S80 Warm-Season Stationary Fronts East of the Rocky Mountains: Interannual Distribution and Variability

Sunday, 22 January 2017
4E (Washington State Convention Center )
Jeremiah O. Piersante, Hobart and William Smith Colleges, Geneva, NY; and P. K. Capute, E. G. Hoffman, and N. D. Metz

Stationary fronts (SFs) often have an influence on convection, although this relationship is not entirely understood. A first step to more completely understand this relationship is to determine the frequency and spatial distribution of SFs across many years. An examination of North American SFs east of the Rocky Mountains during the warm months (April–September) of 2007 through 2015 provides a nine-year climatology to launch this investigation.

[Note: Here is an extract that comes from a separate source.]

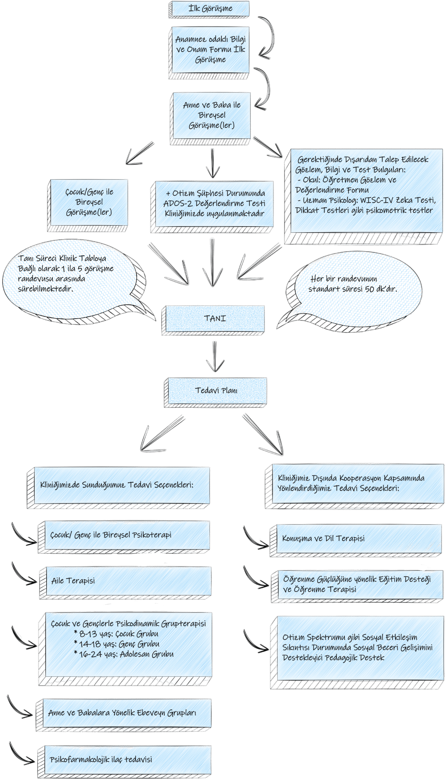 Hedefimiz, sizin ve çocuğunuzun ihtiyaçlarına en uygun tedavi planını birlikte belirlemektir. Bireysel Psikoterapi, aile terapisi, psikofarmakolojik ilaç tedavisi gibi tedavi seçenekleri dışında farklı yaş gruplarına ve ebeveynlere yönelik psikodinamik grupterapisi hizmetleri sunulmaktadır. Gerekli durumlarda öğrenme terapisi gibi spesifik destekler için dışarıda sunulan tedavi hizmetlerine de yönlendirebilmekteyiz.

This data was retrieved Weather Prediction Center surface analysis maps examined four-times daily at standard synoptic times.

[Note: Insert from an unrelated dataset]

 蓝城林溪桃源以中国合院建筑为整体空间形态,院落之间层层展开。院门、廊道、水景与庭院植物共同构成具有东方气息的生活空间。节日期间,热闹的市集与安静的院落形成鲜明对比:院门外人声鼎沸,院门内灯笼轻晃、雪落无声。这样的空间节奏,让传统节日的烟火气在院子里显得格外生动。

Of the 6588 maps examined during this time period, a total of 3528 SFs were recorded. SFs were most frequent in the 2014 warm-season and least in 2008, with 451 and 301 respectively. The spatial frequency of SFs over the nine-year climatology was determined by the number of periods (single maps) that an SF was present in an area. The regions of the highest SF frequency across the nine-year climatology were found to be along the Carolina coast and in western Kansas. However, there was interannual variability in this spatial distribution with those in 2007 through 2011 most frequent in the Kansas/Oklahoma region while those in 2012 through 2015 were most frequent in the Southeast U.S./Carolina coast region. This poster will explore this interannual variability and its importance given the close link between stationary fronts and warm-season convection.